━━━━━ DATASET EXTRACT ━━━━━

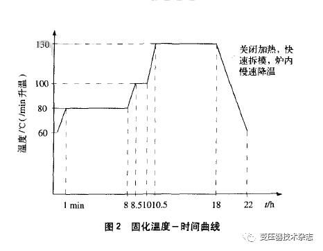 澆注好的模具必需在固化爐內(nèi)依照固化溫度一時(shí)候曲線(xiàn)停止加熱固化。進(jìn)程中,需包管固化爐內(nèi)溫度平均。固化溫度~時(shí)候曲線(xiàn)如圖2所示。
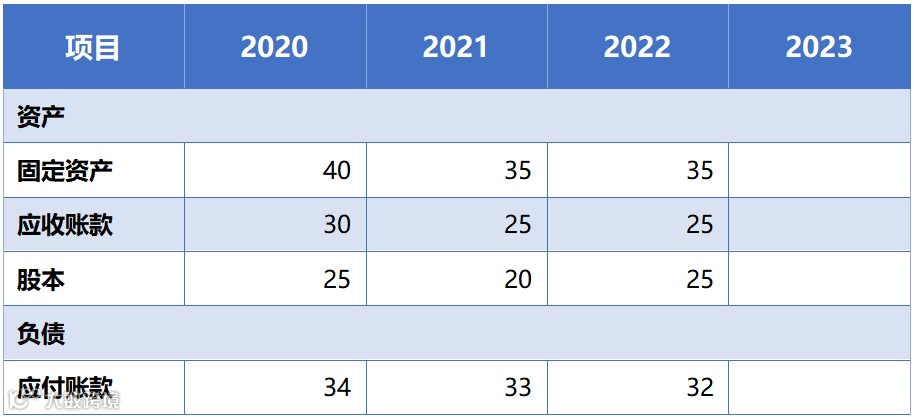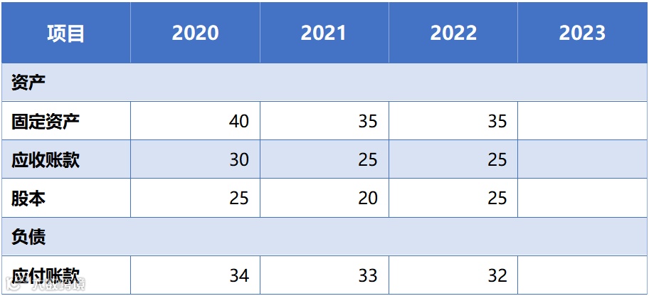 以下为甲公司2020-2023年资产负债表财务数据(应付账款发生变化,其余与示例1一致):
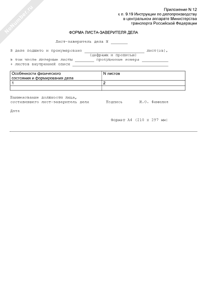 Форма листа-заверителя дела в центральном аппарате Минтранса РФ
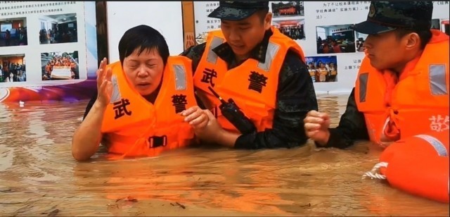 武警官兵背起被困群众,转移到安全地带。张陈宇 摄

━━━━━

> [EXERCISE GOAL]
Extract the full listing exactly, with the pictures left out.

> [TASK RESPONSE]
 澆注好的模具必需在固化爐內(nèi)依照固化溫度一時(shí)候曲線(xiàn)停止加熱固化。進(jìn)程中,需包管固化爐內(nèi)溫度平均。固化溫度~時(shí)候曲線(xiàn)如圖2所示。
 以下为甲公司2020-2023年资产负债表财务数据(应付账款发生变化,其余与示例1一致):
 Форма листа-заверителя дела в центральном аппарате Минтранса РФ
 武警官兵背起被困群众,转移到安全地带。张陈宇 摄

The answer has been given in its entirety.